Newbury Street gains well-heeled new flagship with Frye
When you step into the brand new Frye Company flagship space on Newbury Street, it hits you. The distinct, inimitable smell of fine leather: rich and warm, at once familiar, rustic and undeniably expensive.
The leather company, known for its signature boots — though they also sell a range of handmade goods that include flats, sandals and bags — unveiled their newest flagship store in the space formerly occupied by Charley’s restaurant. It’s a bit of a homecoming for the brand, which has deep roots in New England and was founded in Marlborough more than 150 years ago (then the John A. Frye Shoe Co.) and once outfitted Civil War soldiers.
Frye’s staying power can likely be attributed to both the quality of their product and the timelessness of their aesthetic. Each boot is crafted by hand, in fact by hundreds of hands. “It ranges between 150 and 190 steps to make each pair of boots,” says creative director Michael Petry. “It’s astonishing to see the number of people that touch your boot before it gets packaged and put in the box.”

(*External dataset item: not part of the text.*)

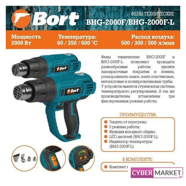 2000 Вт, 350–550 °С, 300–500 л/мин, 0.7 кг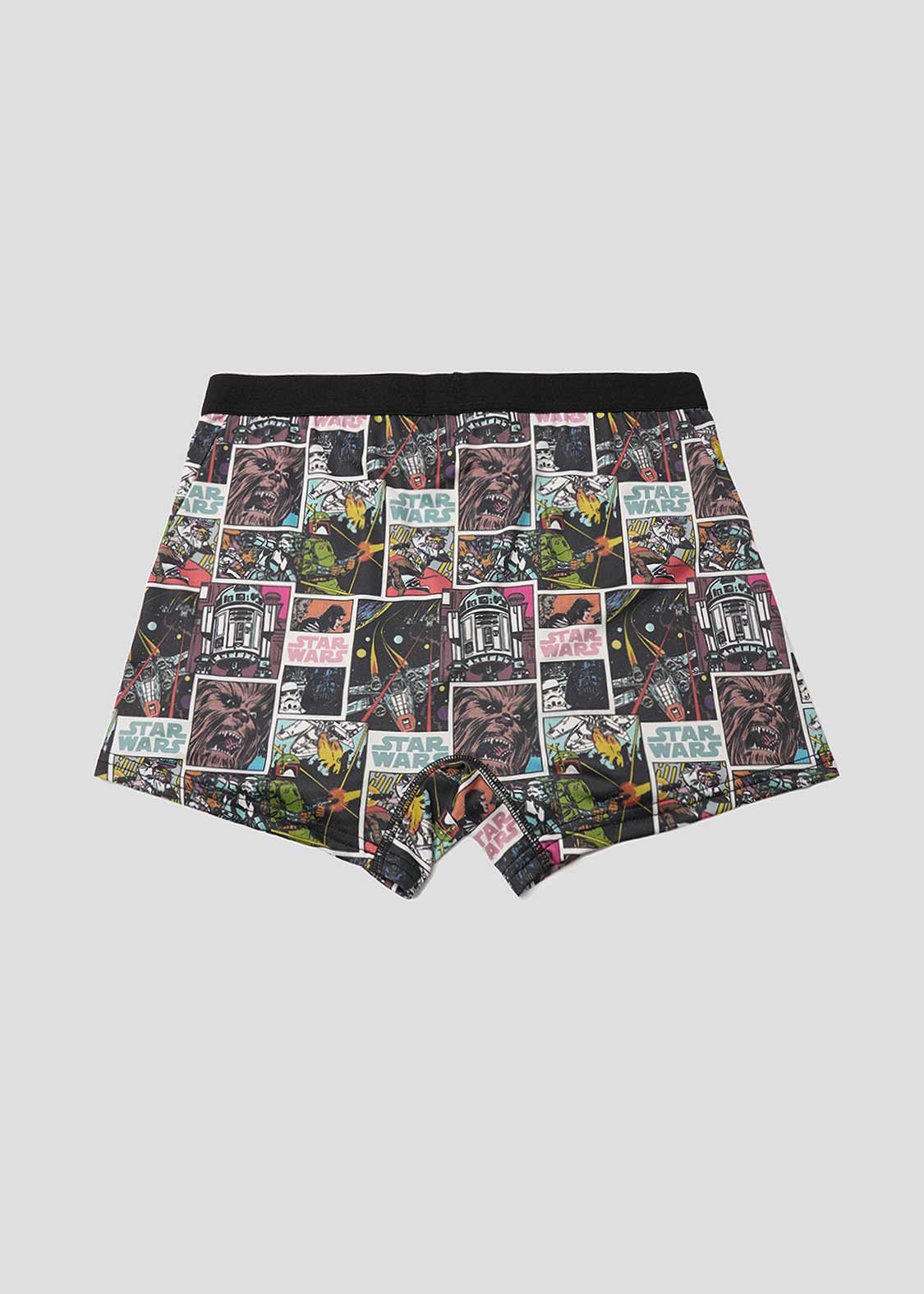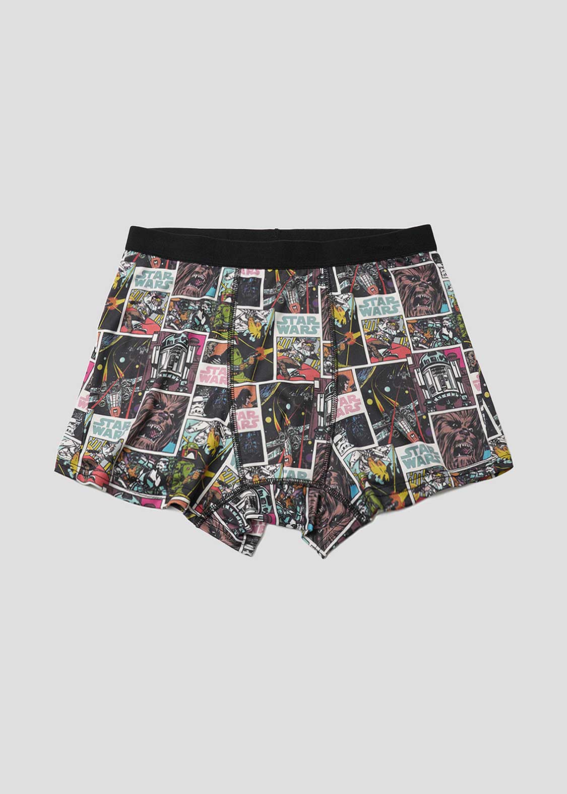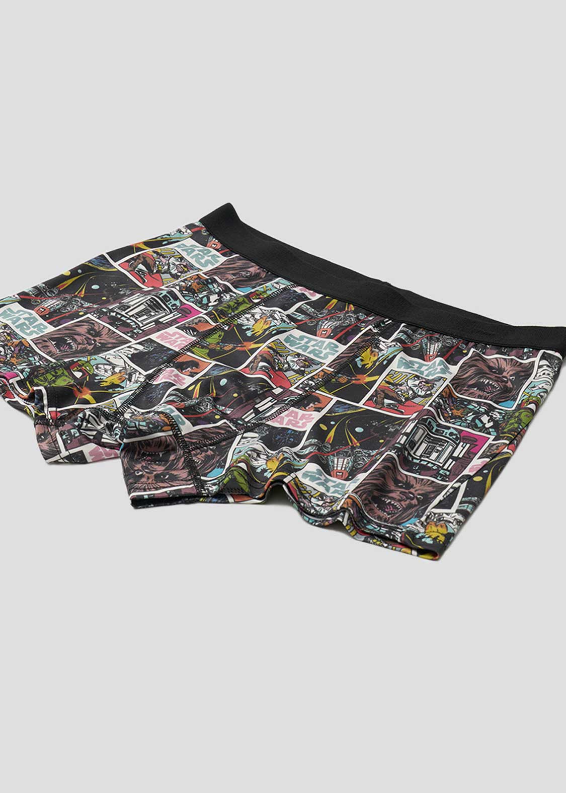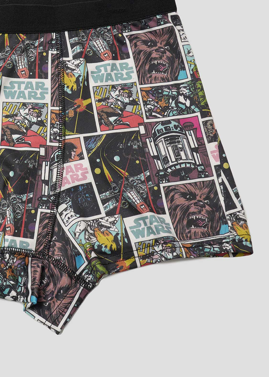 R2-D2やチューバッカ、スターファイターなどをコミック風に描いたパターン柄のデザインです。

The Newbury Street store is understated and expansive at 9,000 square feet, marked by dark wood and raw metal accents. A handcrafted installation constructed entirely from the metal rings you’ll recognize from Frye’s signature Harness Boot hangs in the entryway. The art piece contains 9,000 rings in total, hanging from leather straps. Vintage suitcases, old metal fans and other retro decor are interspersed artfully throughout displays of leather boots, Mary Janes and even a wall of aged leather sneakers. In the menswear section there’s a space where guys tagging along with female shopping companions are invited to chill out on a comfy leather couch.
The new flagship is one of just a handful they have planned. Petry says they’ll soon be opening Georgetown and Chicago flagships as well but have no plans for a big retail expansion. “Two is twice as many as one, I think?” he jokes. “I’m not great with math; I do design.” They have no interest in opening stores in malls or giant shopping centers. Rather, they just hope that these new flagships help spread awareness of the Frye brand.
And lest you question the business smarts of opening a leather boot store just at the start of summer, Petry assures, “Boots have become a 12-month-a-year business.” He continues, “Really, we just want to make products that we’re really proud of and hope that everyone enjoys them as much as we do.”